Problem description -> Copy down the listing below exactly. Do not include pictures.

The data ->
________________________
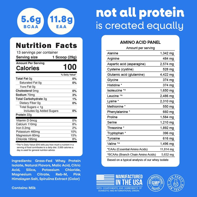 • 22g PURE WHEY ISOLATE, ZERO BLOAT - Feel the performance, not the punishment. Our premium, grass-fed whey isolate is so clean it's gentle on your stomach. Build lean muscle without the heavy, weighed-down feeling.
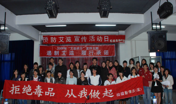 檢驗(yàn)影像系文藝部以主題“遏制艾滋,履行承諾”,于2008年12月2日下午2點(diǎn),在學(xué)生活動中心三樓舉辦了一場艾滋病知識競答活動。參加此次活動的嘉賓有:來自閩侯防疫站的工作人員和本系的老師。參賽選手分別由:護(hù)理系、藥學(xué)系、臨床醫(yī)學(xué)系、檢驗(yàn)影像系組成8個小組。
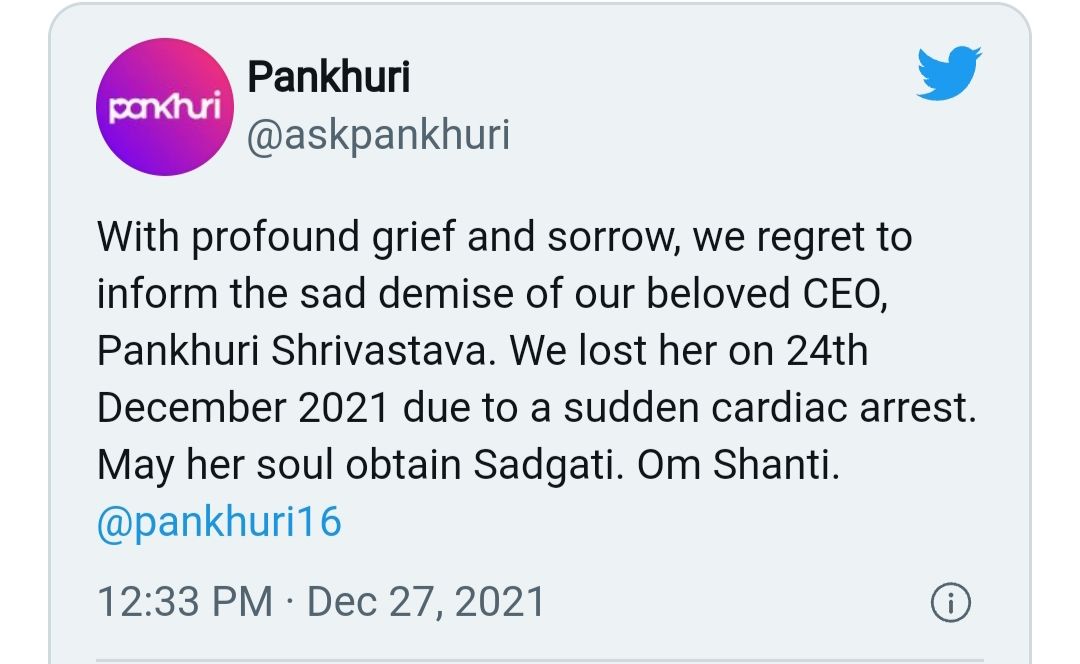 ‘पंखुड़ी’ के आधिकारिक ट्विटर हैंडल ने शोक संदेश जारी कर कहा है कि 24 दिसंबर को अचानक हार्ट अटैक आने से हमारी कंपनी की सीईओ पंखुड़ी श्रीवास्तव का निधन हो गया है. हाल ही में 2 दिसंबर 2021 को पंखुड़ी की शादी की पहली सालगिरह थी।
________________________
Reply to the task ->
 • 22g PURE WHEY ISOLATE, ZERO BLOAT - Feel the performance, not the punishment. Our premium, grass-fed whey isolate is so clean it's gentle on your stomach. Build lean muscle without the heavy, weighed-down feeling.
 檢驗(yàn)影像系文藝部以主題“遏制艾滋,履行承諾”,于2008年12月2日下午2點(diǎn),在學(xué)生活動中心三樓舉辦了一場艾滋病知識競答活動。參加此次活動的嘉賓有:來自閩侯防疫站的工作人員和本系的老師。參賽選手分別由:護(hù)理系、藥學(xué)系、臨床醫(yī)學(xué)系、檢驗(yàn)影像系組成8個小組。
 ‘पंखुड़ी’ के आधिकारिक ट्विटर हैंडल ने शोक संदेश जारी कर कहा है कि 24 दिसंबर को अचानक हार्ट अटैक आने से हमारी कंपनी की सीईओ पंखुड़ी श्रीवास्तव का निधन हो गया है. हाल ही में 2 दिसंबर 2021 को पंखुड़ी की शादी की पहली सालगिरह थी।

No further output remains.